Tea Leaf Green isn’t a Colorado band but sometimes it seems like they are. They just fit in too well with the music that comes out of this state and they are always playing here.
Sometimes I like to think the guys in Tea Leaf Green are neighbors with Vince Herman and the Leftover Salmon guys and the guys from String Cheese live across the street. I don’t know why I picture this Jam Band utopia in the sticks of Colorado, but I do.
Tea Leaf Green is actually from San Francisco; they started as a band in 1997 when Josh Clark moved to San Francisco and started playing music with Scott Rager and Ben Chambers, who had recently met on the San Francisco State University campus.
They started by playing groove tunes, trying to stand out by getting people to dance. They would eventually move into experimental rock with songs built around improvisation but they have since retreated to more of a rock sound with improvisation built around the song.
Every January they head out on the road with multiple stops in Colorado (four this year). After their stint in Colorado, they head to the mid-west. But nowhere else are their shows as close together as when they play in Colorado.
Thankfully for us, they often make a stop at the Belly Up when they come through in the winter. This year’s show is tonight, Feb. 8, and I would encourage anyone out there who doesn’t have a ticket to go and get one.
Last year, Tea Leaf Green wrapped up the recording of their upcoming album, which is due out in the middle of May. Josh Clark says that was probably the highlight of the entire year.
The recording process was very different than any recording that they have done before. Clark told me, from his house in Sacramento, they did not record as a whole band sitting in a room; they each laid down their part separately, “White Album style.”
One member would come up with an idea and lay down it down on a track. Off of that sound bite, each member would build off of the original idea until there was a song.
“It was a liberating process; there is only one portion of the album where the whole band was playing together,” says Clark. “We were using the studio for what it is rather than as a live tracking facility.”

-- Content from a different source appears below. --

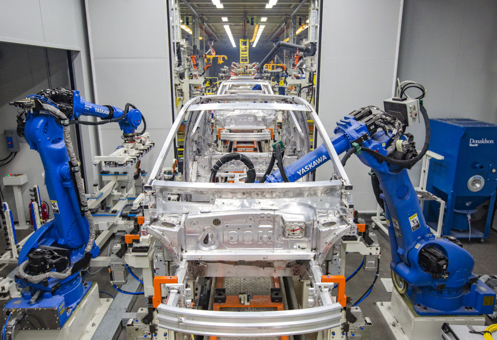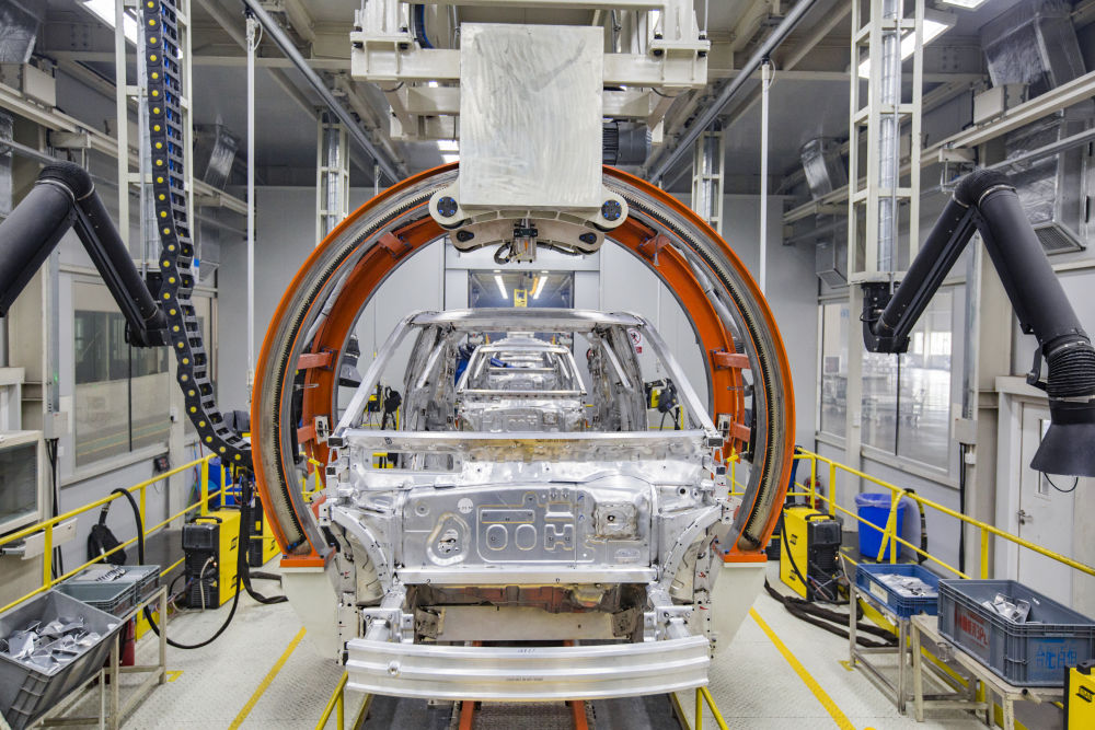 在奇瑞汽车股份有限公司新能源二期工厂总装车间里,一台台机械臂正在抓取汽车玻璃,自动装配至新能源汽车的车身。

As a classic rock kid, Clark loves the way that the album ended up. He says they were able to add to the songs better because they were able to think through what would serve the song the best.
Clark grew up in the grunge era but has always mainly been into music that is guitar heavy, because of his interest in the instrument.
“I would say Led Zeppelin is my favorite jam band,” says Clark. “I think that jam band is a term that has arisen now but I feel that at a certain time that’s just what rock bands were.”
Clark isn’t really comfortable being pigeon-holed as a jam band. Not that he has a problem with jam bands, he just feels that when you listen to live Jimi Hendrix or live Phish, they are both trying to do the same thing.
“I love improvisational music,” says Clark. “I love people taking risks and when that really works it’s the biggest payoff there is.”
Tea Leaf Green continues to be a band that inspires and moves its fans. They have been able to do so because of their drive and talent and I would say that it continues to pay off.